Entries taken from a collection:
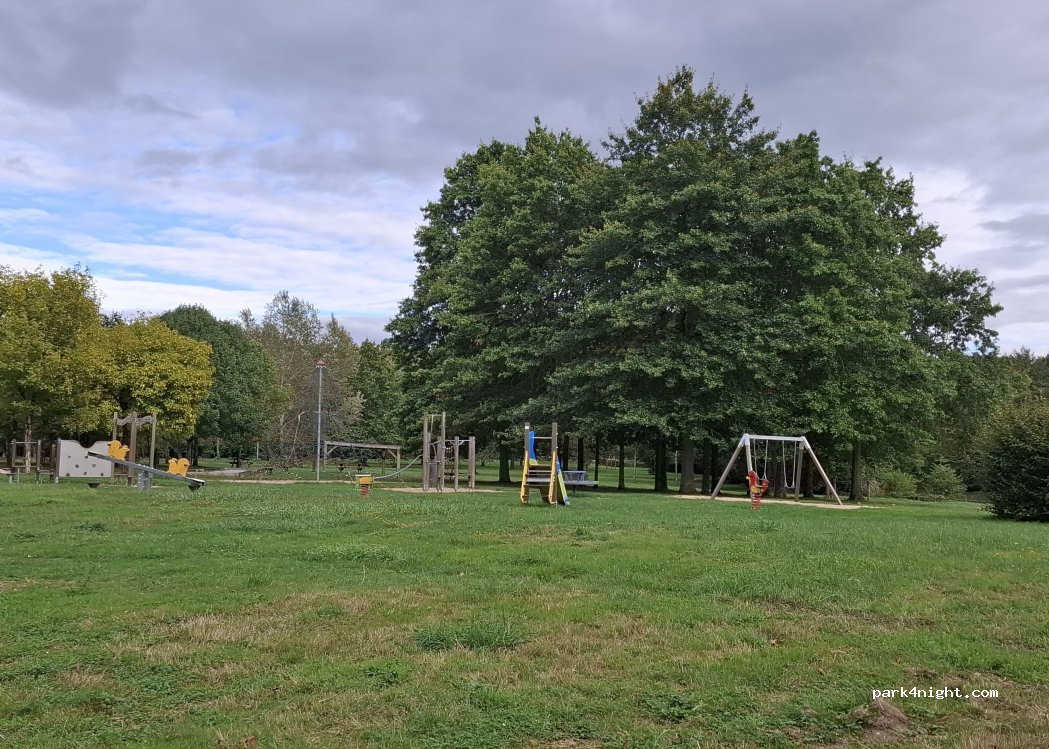 Aire de stationnement au calme, avec étang, aire de jeux sur une vaste étendue d’herbe, borne non utilisable en avril 2018 aucun terminal de paiement, tarif de 2.5n€ pourtant affiché pour service, par contre vidange 2 eaux ok, pas d'électricité. Bourg proche de l'aire
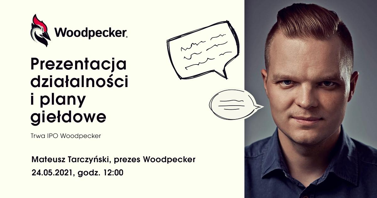 W poniedziałek, 24 maja 2021 roku o godz. 12:00 zapraszamy na webinar z prezesem zarządu Woodpecker, Mateuszem Tarczyńskim. Podczas spotkania zostanie zaprezentowana działalność i model biznesowy firmy oraz szczegóły oferty publicznej akcji. Inwestorzy będą mogli zadawać pytania podczas webinaru.
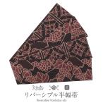 半幅帯 帯 本場筑前博多織 小袋帯 リバーシブル 正絹 黒 えんじ 葡萄 花草 レトロ Kissteオリジナル 協和織工場 日本製
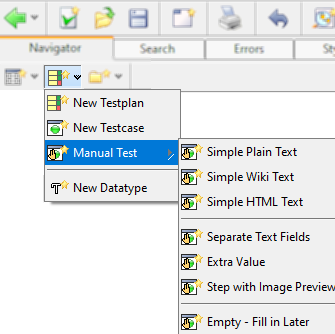You will find action blocks for manual test steps in the toolbar menu for new actions (). When executed, these actions will open a dialog which guides the user through the manual test. The dialog presents an informative text and awaits a confirmation of the user.
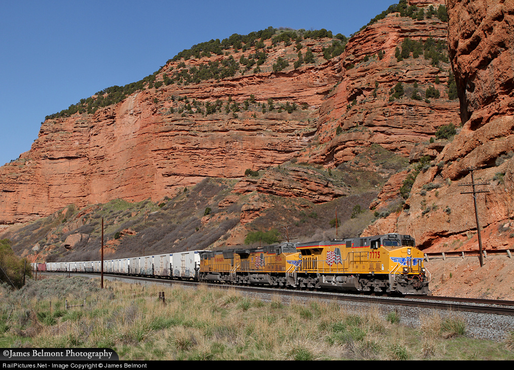 Union Pacific's ZDLSK (Delano-McFarland, CA - Selkirk, NY) heads east along the Evanston Sub through Echo Canyon. The ZDLSK, nicknamed the 'Salad Shooter' moves produce in refrigerated box cars on a priority schedule between California's Central Valley and New York.
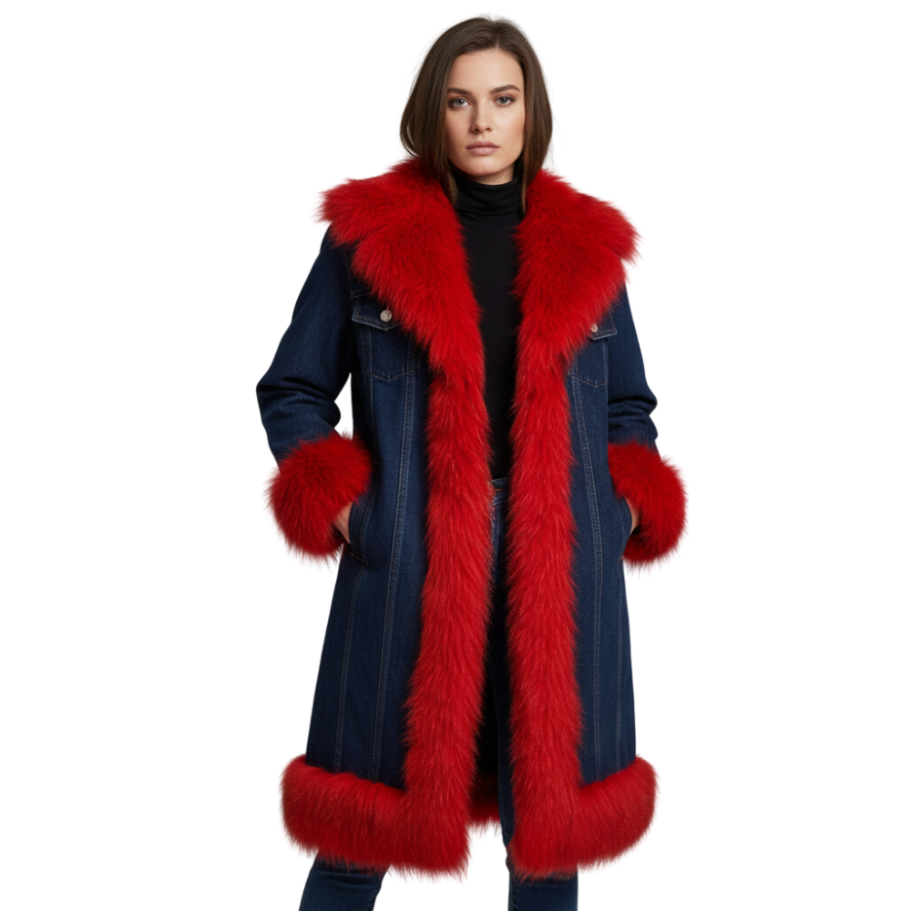 Make a bold style statement with this Women’s Indigo Denim Long Coat, designed to turn heads wherever you go. Crafted from premium indigo denim, this striking piece is elevated with plush vivid red fox fur trimming along the collar, front edges, and hemline. The dramatic color contrast creates a powerful, high-fashion look while maintaining a classic silhouette.
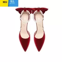 聚范红色秀禾婚鞋细跟尖头高跟鞋女单鞋新款蝴蝶结珍珠不累脚新娘鞋

ASSIGNMENT:
A verbatim copy of the records is expected, from their first line through the line with "Union Pacific's ZDLSK", inclusive, with the pictures removed.

YOUR RESPONSE:
 Aire de stationnement au calme, avec étang, aire de jeux sur une vaste étendue d’herbe, borne non utilisable en avril 2018 aucun terminal de paiement, tarif de 2.5n€ pourtant affiché pour service, par contre vidange 2 eaux ok, pas d'électricité. Bourg proche de l'aire
 W poniedziałek, 24 maja 2021 roku o godz. 12:00 zapraszamy na webinar z prezesem zarządu Woodpecker, Mateuszem Tarczyńskim. Podczas spotkania zostanie zaprezentowana działalność i model biznesowy firmy oraz szczegóły oferty publicznej akcji. Inwestorzy będą mogli zadawać pytania podczas webinaru.
 半幅帯 帯 本場筑前博多織 小袋帯 リバーシブル 正絹 黒 えんじ 葡萄 花草 レトロ Kissteオリジナル 協和織工場 日本製
You will find action blocks for manual test steps in the toolbar menu for new actions (). When executed, these actions will open a dialog which guides the user through the manual test. The dialog presents an informative text and awaits a confirmation of the user.
 Union Pacific's ZDLSK (Delano-McFarland, CA - Selkirk, NY) heads east along the Evanston Sub through Echo Canyon. The ZDLSK, nicknamed the 'Salad Shooter' moves produce in refrigerated box cars on a priority schedule between California's Central Valley and New York.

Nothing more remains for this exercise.